**Activity:**
Copy exactly, and copy nothing else: the line that contains "Featuring a powder" and all lines after it in the listing, without pictures.

**Given information:**
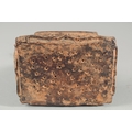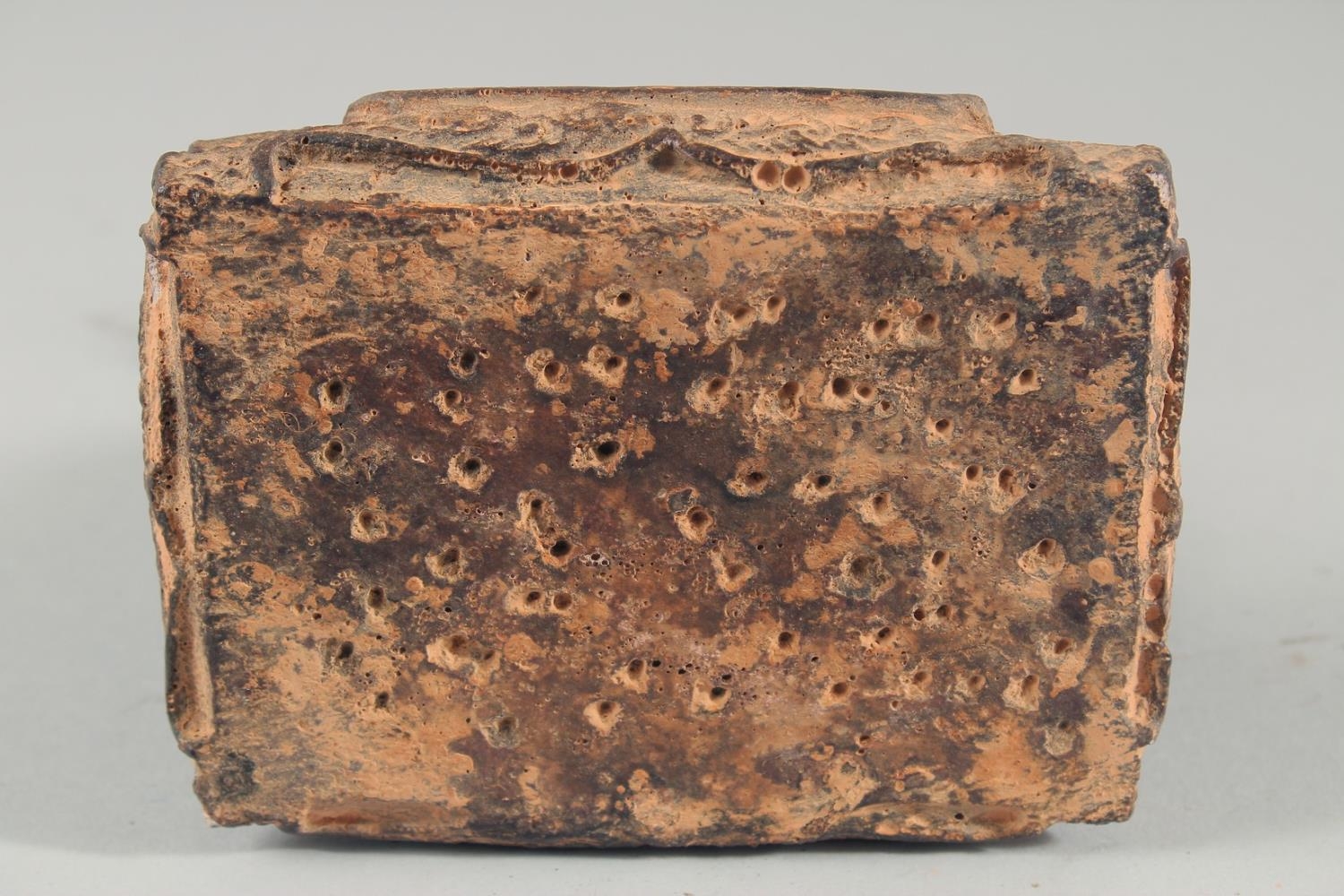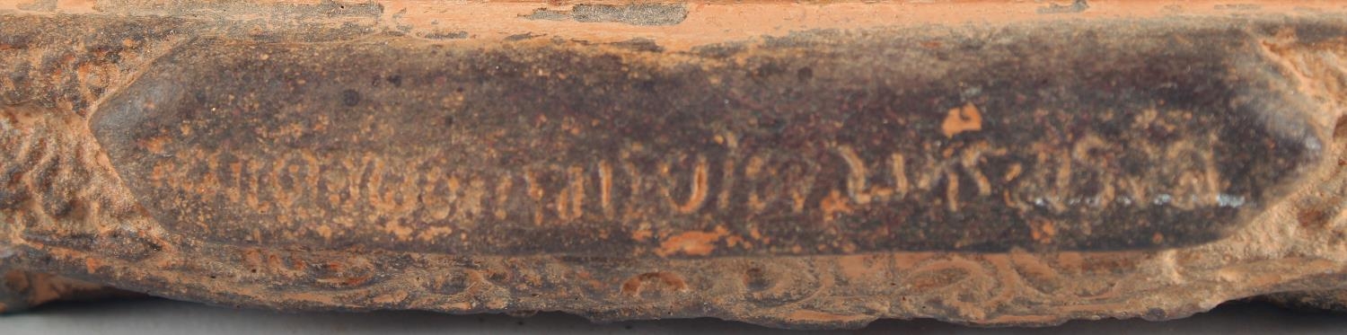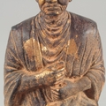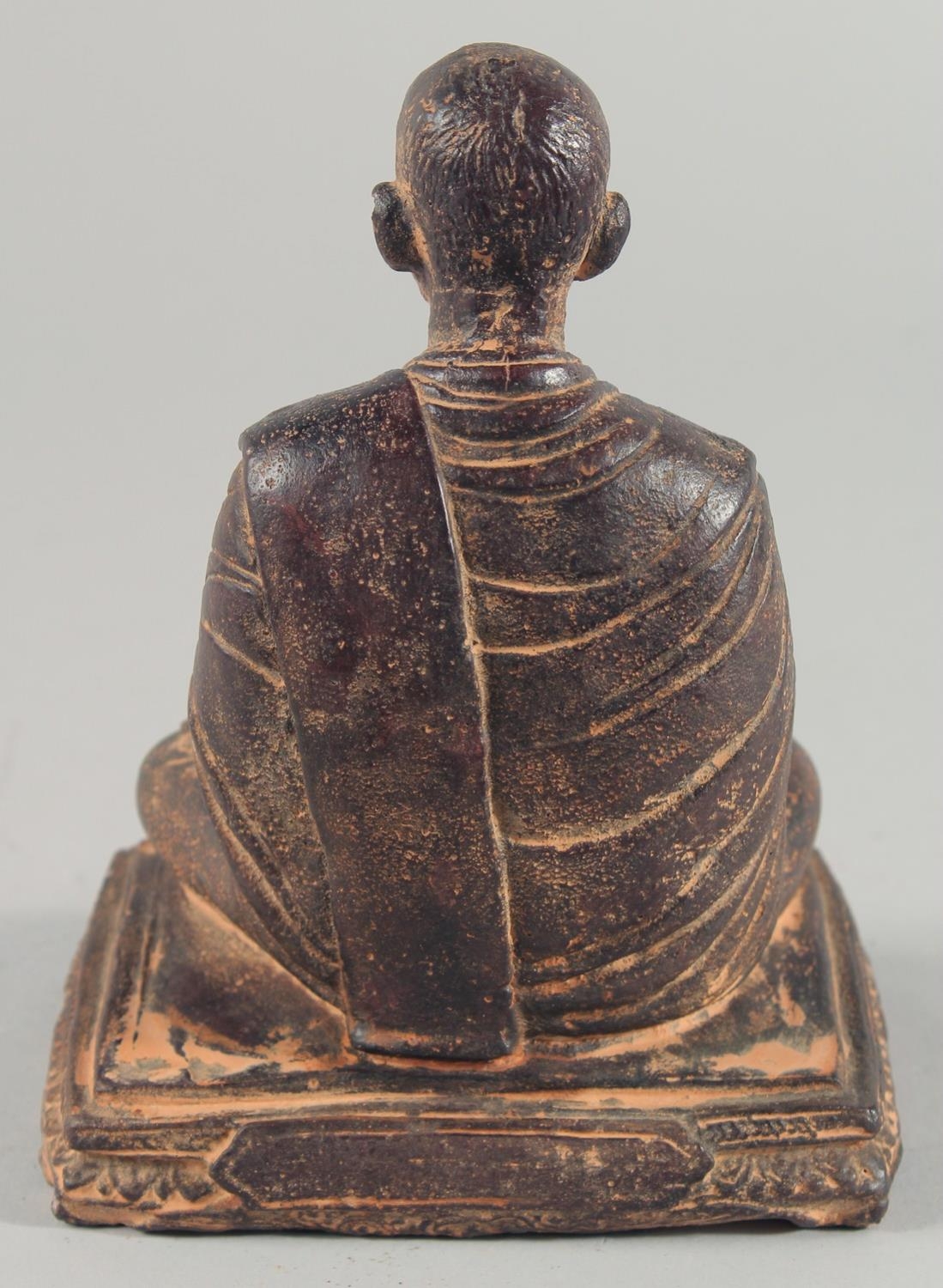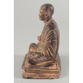 A TIBETAN CARVED STONE SEATED FIGURE, with traces of gold paint, inscribed to the base, 18.5cm high.
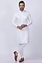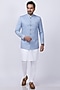 Featuring a powder blue bandhgala jacket in suiting base with zardosi embroidery. It is paired with a contrasting white embroidered kurta and pants.
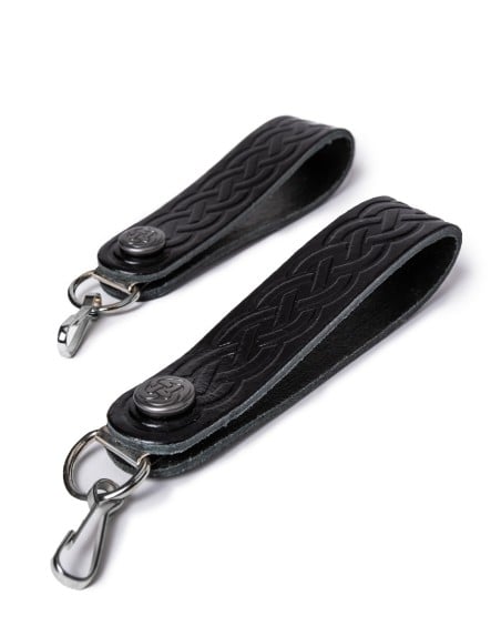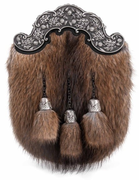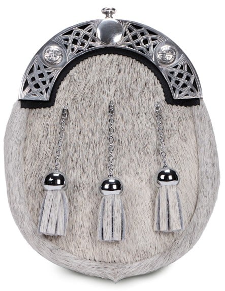 The formal sporran can also be recognized by the decorative tassels. These may be made of leather strips. Or if it is a fur full dress sporran, they may be made of fur. In either case each tassel is caped by a metal ball or bell. On an especially classy sporran, these may be cast in pewter to match the cantle and include raised designs such as Celtic knotwork.
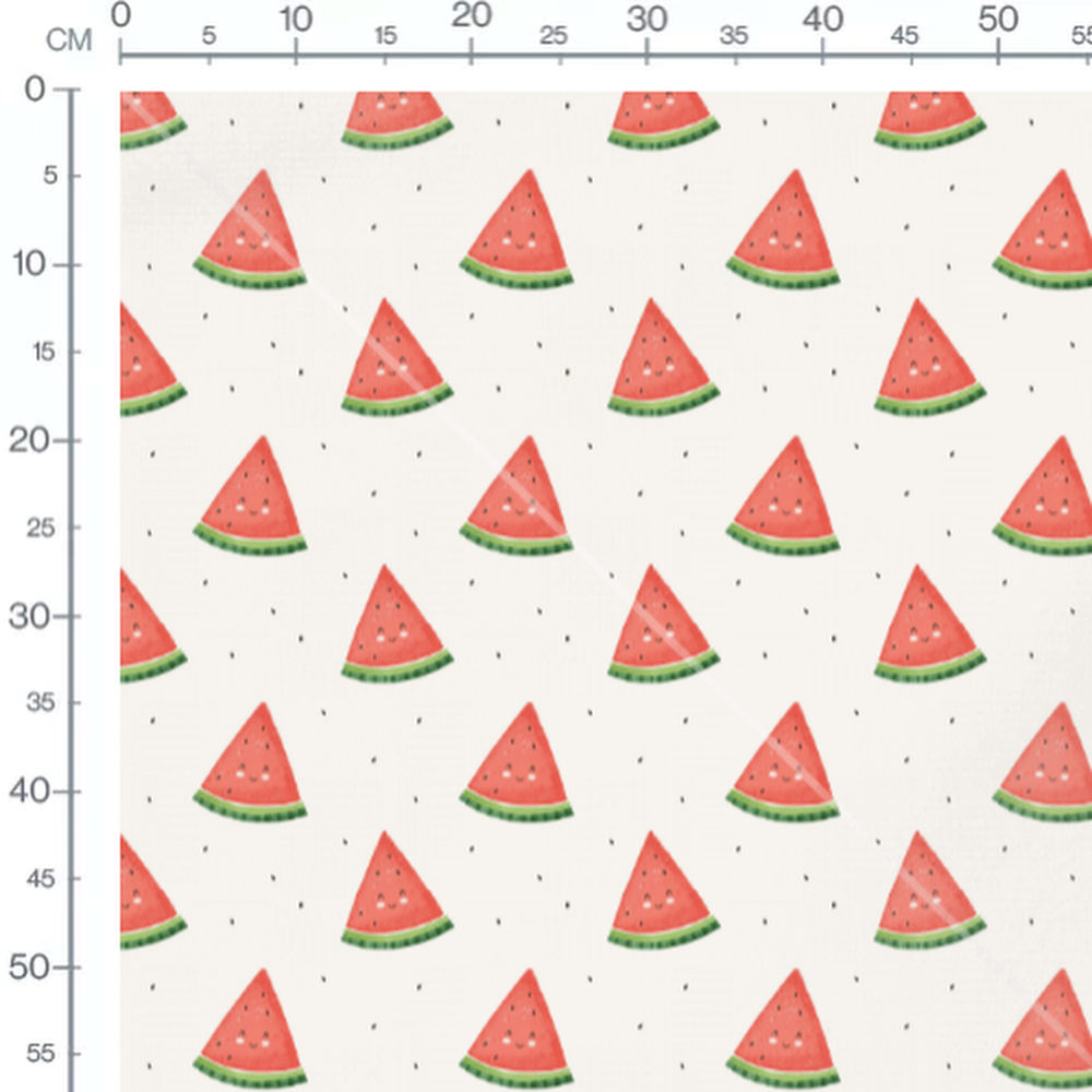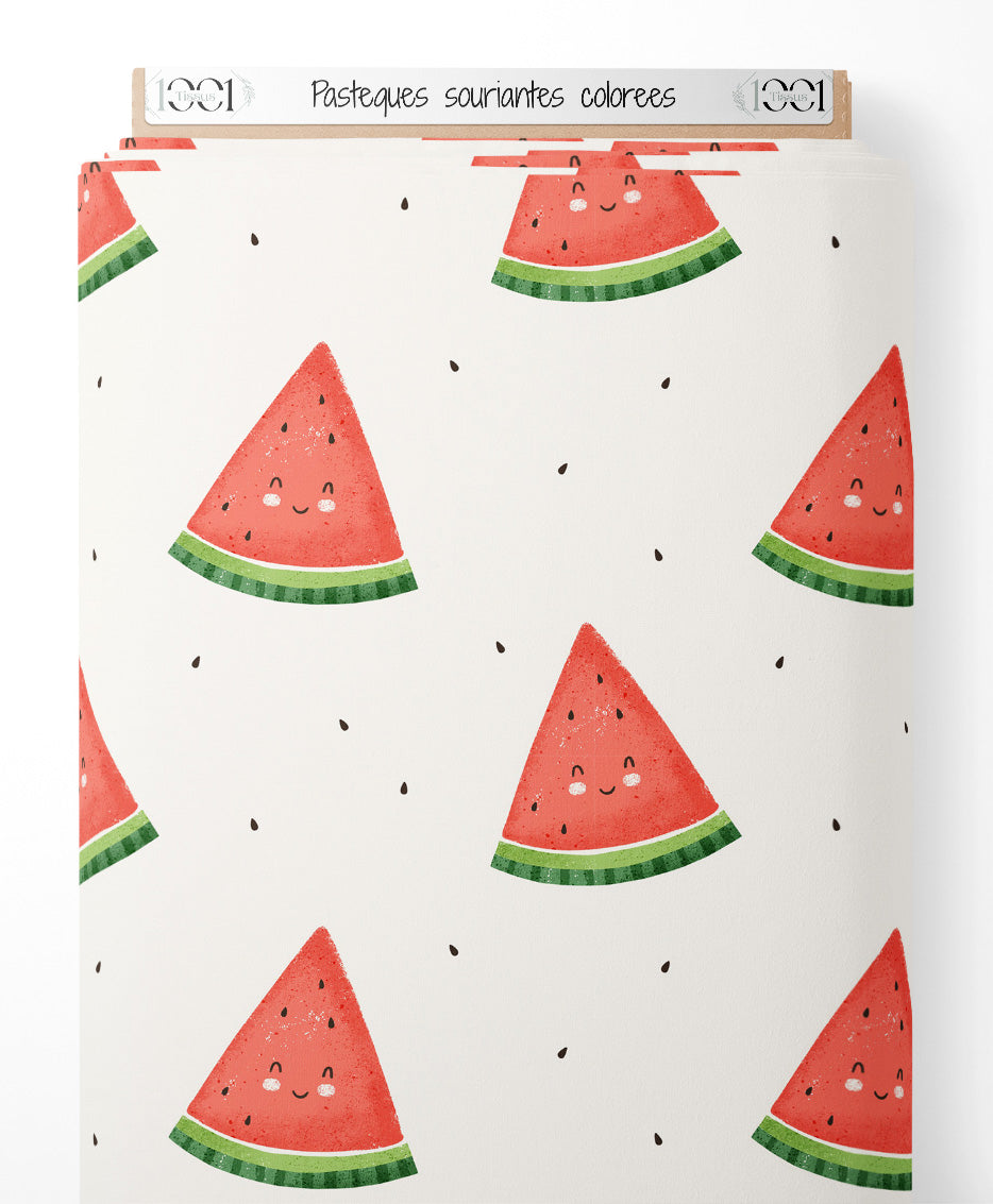 Les tranches de pastèque présentent des visages souriants et des joues roses. Une bordure verte et blanche entoure chaque tranche. Les graines noires ajoutent un contraste subtil sur le fond clair.Les tissus

**Reply:**
 Featuring a powder blue bandhgala jacket in suiting base with zardosi embroidery. It is paired with a contrasting white embroidered kurta and pants.
 The formal sporran can also be recognized by the decorative tassels. These may be made of leather strips. Or if it is a fur full dress sporran, they may be made of fur. In either case each tassel is caped by a metal ball or bell. On an especially classy sporran, these may be cast in pewter to match the cantle and include raised designs such as Celtic knotwork.
 Les tranches de pastèque présentent des visages souriants et des joues roses. Une bordure verte et blanche entoure chaque tranche. Les graines noires ajoutent un contraste subtil sur le fond clair.Les tissus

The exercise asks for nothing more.